Entretanto, Pedro estaba fuera, sentado en el patio. Una criada se le acercó y le dijo: “Tú también estabas con Jesús, el galileo”. Pero él lo negó ante todos, diciendo: “No sé de qué me estás hablando”. Ya se iba hacia el zaguán, cuando lo vio otra criada y dijo a los que estaban ahí: “También ése andaba con Jesús, el nazareno”. Él de nuevo lo negó con juramento: “No conozco a ese hombre”. Poco después se acercaron a Pedro los que estaban ahí y le dijeron: “No cabe duda de que tú también eres de ellos, pues hasta tu modo de hablar te delata”. Entonces él comenzó a echar maldiciones y a jurar que no conocía a aquel hombre. Y en aquel momento cantó el gallo. Entonces se acordó Pedro de que Jesús había dicho: ‘Antes de que cante el gallo, me habrás negado tres veces’. Y saliendo de ahí se soltó a llorar amargamente.

Llegada la mañana, todos los sumos sacerdotes y los ancianos del pueblo celebraron consejo contra Jesús para darle muerte. Después de atarlo, lo llevaron ante el procurador, Poncio Pilato, y se lo entregaron.

Entonces Judas, el que lo había entregado, viendo que Jesús había sido condenado a muerte, devolvió arrepentido las treinta monedas de plata a los sumos sacerdotes y a los ancianos, diciendo: “Pequé, entregando la sangre de un inocente”. Ellos dijeron: “¿Y a nosotros qué nos importa? Allá tú”. Entonces Judas arrojó las monedas de plata en el templo, se fue y se ahorcó.

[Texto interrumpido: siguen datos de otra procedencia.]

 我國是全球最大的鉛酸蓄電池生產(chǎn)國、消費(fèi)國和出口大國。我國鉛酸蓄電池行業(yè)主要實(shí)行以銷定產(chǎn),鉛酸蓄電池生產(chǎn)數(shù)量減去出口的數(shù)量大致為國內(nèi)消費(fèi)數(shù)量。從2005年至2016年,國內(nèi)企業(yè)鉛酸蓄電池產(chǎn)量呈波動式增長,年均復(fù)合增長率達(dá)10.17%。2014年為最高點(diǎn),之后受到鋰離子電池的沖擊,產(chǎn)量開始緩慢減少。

Los sumos sacerdotes tomaron las monedas de plata y dijeron: “No es lícito juntarlas con el dinero de las limosnas, porque son precio de sangre”. Después de deliberar, compraron con ellas el Campo del alfarero, para sepultar ahí a los extranjeros. Por eso aquel campo se llama hasta el día de hoy “Campo de sangre”. Así se cumplió lo que dijo el profeta Jeremías: Tomaron las treinta monedas de plata en que fue tasado aquel a quien pusieron precio algunos hijos de Israel, y las dieron por el Campo del alfarero, según lo que me ordenó el Señor.

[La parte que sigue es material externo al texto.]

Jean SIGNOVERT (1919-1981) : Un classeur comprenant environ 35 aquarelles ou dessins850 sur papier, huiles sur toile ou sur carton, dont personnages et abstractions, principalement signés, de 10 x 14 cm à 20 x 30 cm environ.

Jesús compareció ante el procurador, Poncio Pilato, quien le preguntó: “¿Eres tú el rey de los judíos?” Jesús respondió: “Tú lo has dicho”. Pero nada respondió a las acusaciones que le hacían los sumos sacerdotes y los ancianos. Entonces le dijo Pilato: “¿No oyes todo lo que dicen contra ti?” Pero él nada respondió, hasta el punto de que el procurador se quedó muy extrañado. Con ocasión de la fiesta de la Pascua, el procurador solía conceder a la multitud la libertad del preso que quisieran. Tenían entonces un preso famoso, llamado Barrabás. Dijo, pues, Pilato a los ahí reunidos: “¿A quién quieren que les deje en libertad: a Barrabás o a Jesús, que se dice el Mesías?” Pilato sabía que se lo habían entregado por envidia.

Estando él sentado en el tribunal, su mujer mandó decirle: “No te metas con ese hombre justo, porque hoy he sufrido mucho en sueños por su causa”.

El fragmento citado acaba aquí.